In light of the foregoing, we find no clear and convincing evidence to sustain the
judgment of the appellate court. We thus hold that petitioner has not been shown
negligent or at fault regarding the construction and maintenance of its school building in
question and that typhoon "Saling" was the proximate cause of the damage suffered by
private respondents' house.

With this disposition on the pivotal issue, private respondents' claim for actual and moral
damages as well as attorney's fees must fail. 24 Petitioner cannot be made to answer for
a purely fortuitous event. 25 More so because no bad faith or willful act to cause damage
was alleged and proven to warrant moral damages.
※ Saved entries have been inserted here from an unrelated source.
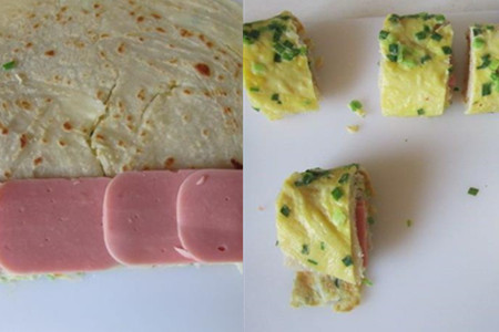 待鸡蛋饼即将完全定型后,将薄面饼放在其上。鸡蛋饼煎熟之后,取出,将鸡蛋饼朝下置于面板上,码上切片的午餐肉,卷起来切成长度适合的段状即可享用。
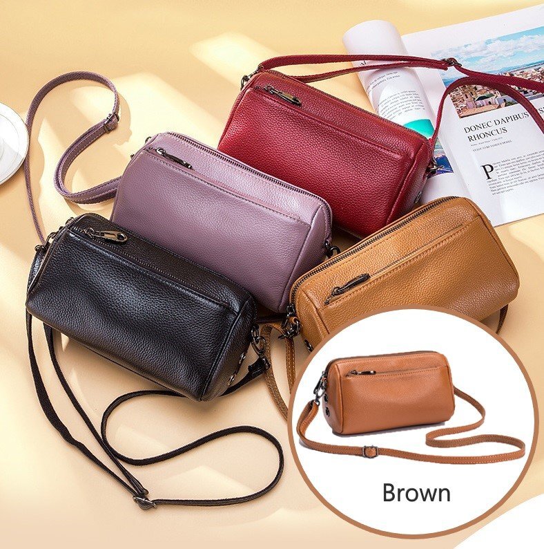 - ショルダーバッグ 牛皮 ブラウン レザー シンプル 小物 スマホ カード 鍵 たばこ など n532
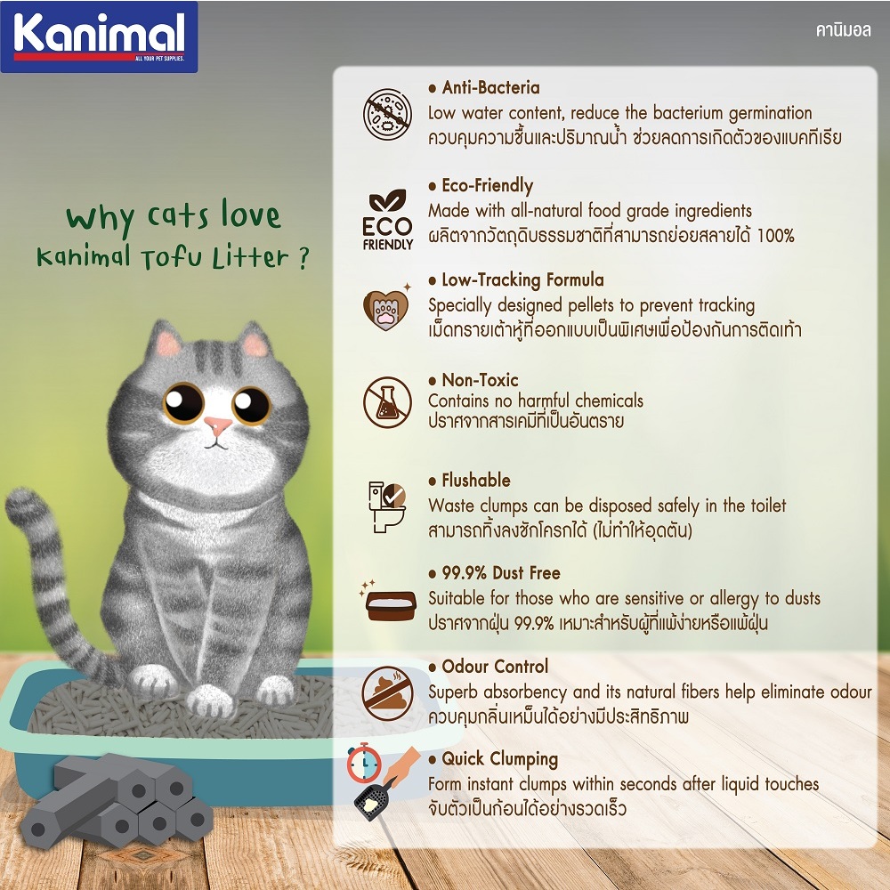 Kanimal Natural Tofu Litter คัดสรรทรายแมวจากถั่วลันเตาธรรมชาติ เพื่อให้น้องแมวเข้าห้องน้ำอย่างมีความสุข จับตัวเป็นก้อนเร็ว เก็บกลิ่น ไร้ฝุ่น ผลิตจากธรรมชาติ ใช้ถั่วลันเตาเป็นส่วนผสมหลักทำให้ปราศจากฝุ่น เชื้อรา และไม่เหม็นเปรี้ยว สามารถทิ้งลงชักโครกได้
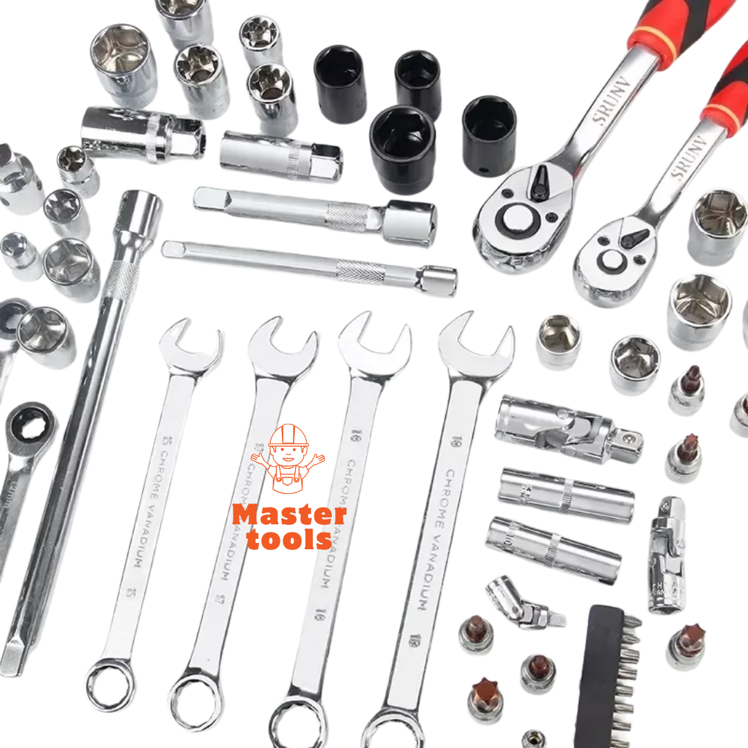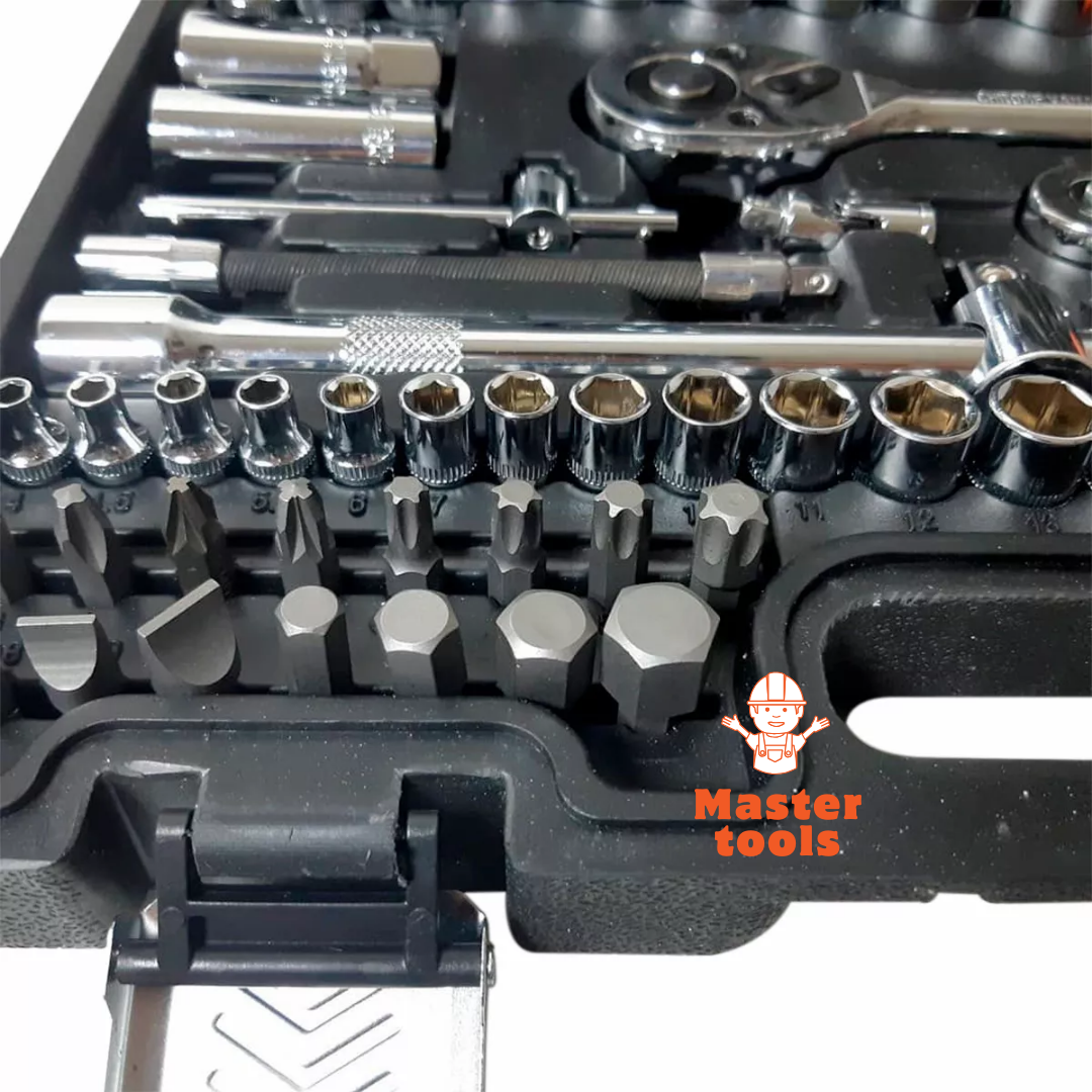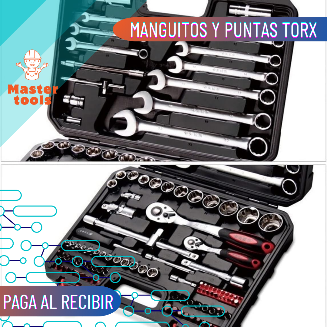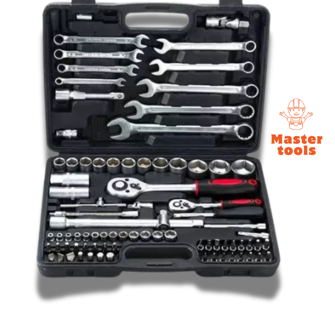 Este juego de herramientas multifuncional está diseñado para satisfacer las necesidades de mecánicos, aficionados al bricolaje y profesionales que buscan precisión, durabilidad y versatilidad. Compuesto por más de 90 piezas de alta calidad fabricadas en acero cromo vanadio (CR-V), este kit ofrece una solución completa para trabajos de reparación, mantenimiento y ensamblaje en automóviles, maquinaria y proyectos domésticos. Incluye llaves de carraca, manguitos, conectores multidireccionales, barras de extensión y puntas giratorias, todo organizado para maximizar la eficiencia y el rendimiento.

Private respondents failed to adduce adequate and competent proof of the pecuniary
loss they actually incurred. 26 It is not enough that the damage be capable of proof but
must be actually proved with a reasonable degree of certainty, pointing out specific facts
that afford a basis for measuring whatever compensatory damages are borne. 27 Private
respondents merely submitted an estimated amount needed for the repair of the roof
their subject building. What is more, whether the "necessary repairs" were caused
ONLY by petitioner's alleged negligence in the maintenance of its school building, or
included the ordinary wear and tear of the house itself, is an essential question that
remains indeterminable.

The Court deems unnecessary to resolve the other issues posed by petitioner.

As regards the sixth issue, however, the writ of execution issued on April 1, 1993 by the
trial court is hereby nullified and set aside. Private respondents are ordered to
reimburse any amount or return to petitioner any property which they may have
received by virtue of the enforcement of said writ.

WHEREFORE, the petition is GRANTED and the challenged Decision is REVERSED.


The complaint of private respondents in Civil Case No. 7314 before the trial court a
quo is ordered DISMISSED and the writ of execution issued on April 1, 1993 in said
case is SET ASIDE. Accordingly, private respondents are ORDERED to return to
petitioner any amount or property received by them by virtue of said writ. Costs against
the private respondents.

SO ORDERED.

Narvasa, C.J., Romero and Kapunan, JJ., concur.